• [EXERCISE DETAILS]
The reply should hold every line of the listing exactly, and none of its images.

• [PROVIDED MATERIAL]

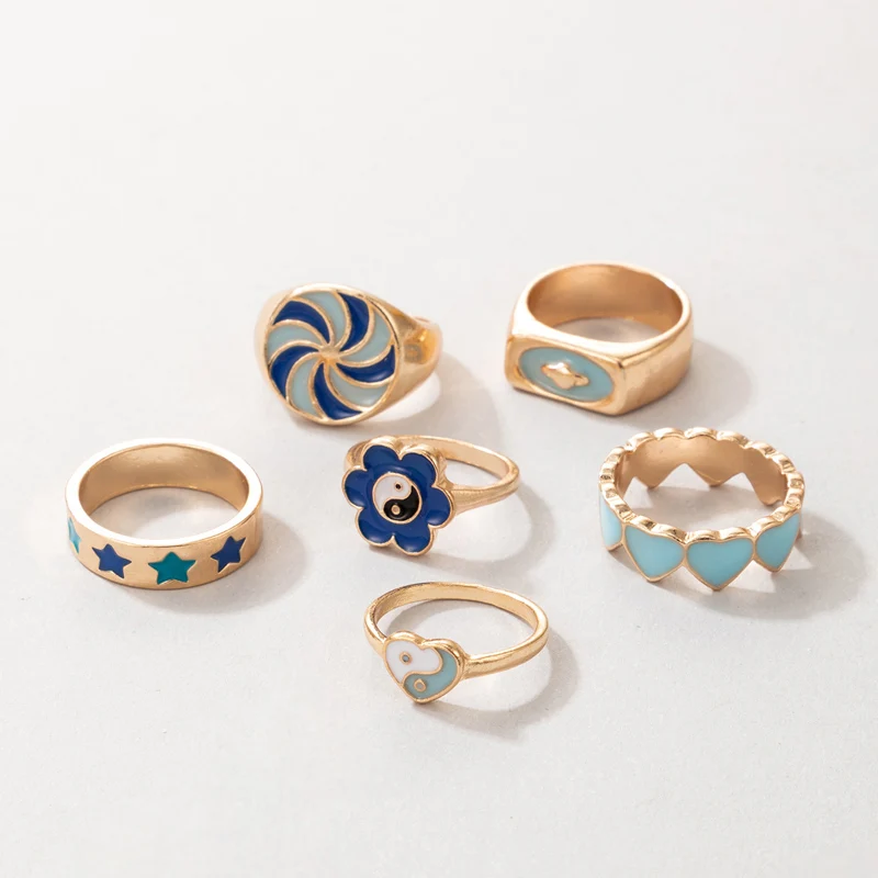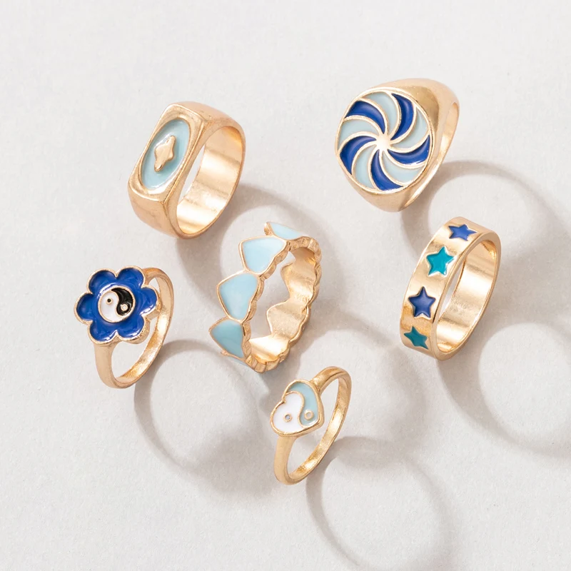 Кольцо Tocona 6 шт.компл. с цветами, Тай Чи, сердцем, Симпатичные кольца для женщин и мужчин, подвески, звезда, золотой сплав, металлические ювелирные изделия для вечеринки, кольца 20090
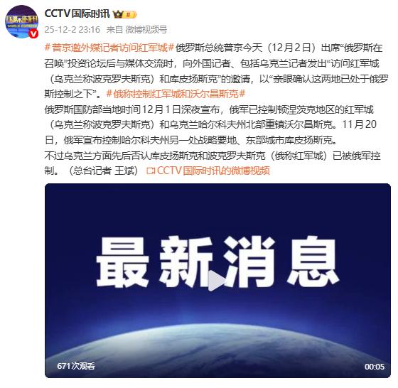 最安全的线上配资平台 普京向外国记者发出“访问红军城和库皮扬斯克”邀请
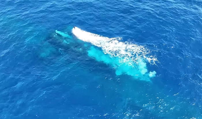 (上與下)2026年1月29日,海鯤艦首次進行潛航測試時下潛的畫面。

• [SOLUTION FOR THIS PROBLEM]
 Кольцо Tocona 6 шт.компл. с цветами, Тай Чи, сердцем, Симпатичные кольца для женщин и мужчин, подвески, звезда, золотой сплав, металлические ювелирные изделия для вечеринки, кольца 20090
 最安全的线上配资平台 普京向外国记者发出“访问红军城和库皮扬斯克”邀请
 (上與下)2026年1月29日,海鯤艦首次進行潛航測試時下潛的畫面。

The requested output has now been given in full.